In re IFC Credit Corp.

First Chicago Bank & Trust v. Leibowitz (In re IFC Credit Corp.), Ch. 7 Case No. 09-27094, Adv. No. 09-01230, aff'd No. 11-cv-1976, No. 11-2172 (7th Cir. Dec. 5, 2011).
Affirmed. The rule prohibiting pro se corporate filings is nonjurisdictional. Even though a pro se corporate filing is defective, it can be cured by an amended petition signed by an attorney pursuant to Rule 1009(a) of the Federal Rules of Bankrupcy Procedure. The amended petition may "relate back" to the original petition date pursuant to the equitable powers of the Court where the original defect was harmless. Subject-matter jurisdiction is intended to limit access to a federal tribunal in classes of cases that the Constitution or legislation declares off limits to the federal courts, it is not intended to punish litigants for errors or omissions made in the context of cases that are within jurisdictional limits (except for untimely notices of appeal). The "relation back" concept of Rule 15(c) of the Federal Rules of Civil Procedure, applicable to adversary proceeding complaints pursuant to Rule 7015 of the Bankruptcy Rules and applicable to involuntary petitions pursuant to Rule 1018 of the Bankruptcy Rules, may also be applied to voluntary petitions even though there is no express statute so requiring this result.
Procedural context:
The Bankruptcy Court held that the petition defect, cured by the day #2 refiling, was nonjurisdictional. The District Court affirmed. Northbrook appealed.

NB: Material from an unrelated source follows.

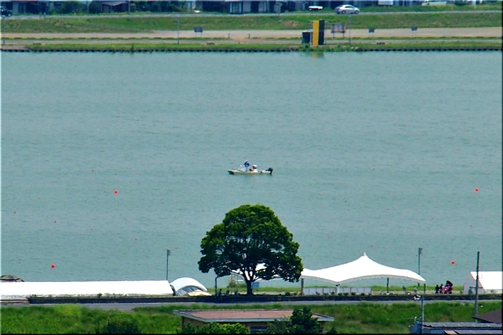 インターハイ2025≠フローイング会場であります芦田川漕艇場≠ヘ、この日は公式練習(2日目)と開会式・代表者会議との事で、いよいよ明日から競技スタートです。が、もぅ正午前ですから、コース上には艇も選手の姿もありません。昼食タイムに入っていますのかも…

IFC Credit Corporation voluntarily filed for Chapter 7 bankruptcy protection on July 27, 2009. Its bankruptcy petition was signed only by its president, a nonlawyer. The Debtor filed an amended petition the next day, signed by a lawyer. Prepetition, a creditor, First Chicago Bank & Trust n/k/a Northbrook Bank & Trust, had sued the Debtor for fraud, which fraud claim was re-filed in the bankruptcy case post-petition. The Chapter 7 Trustee counterclaimed to avoid and recover preference payments made to Northbrook within ninety (90) days prior to the original petition date. The parties settled the preference action subject to Northbrook's argument that the Court lacked subject matter jurisdiction as a result of the initially improper petition filing.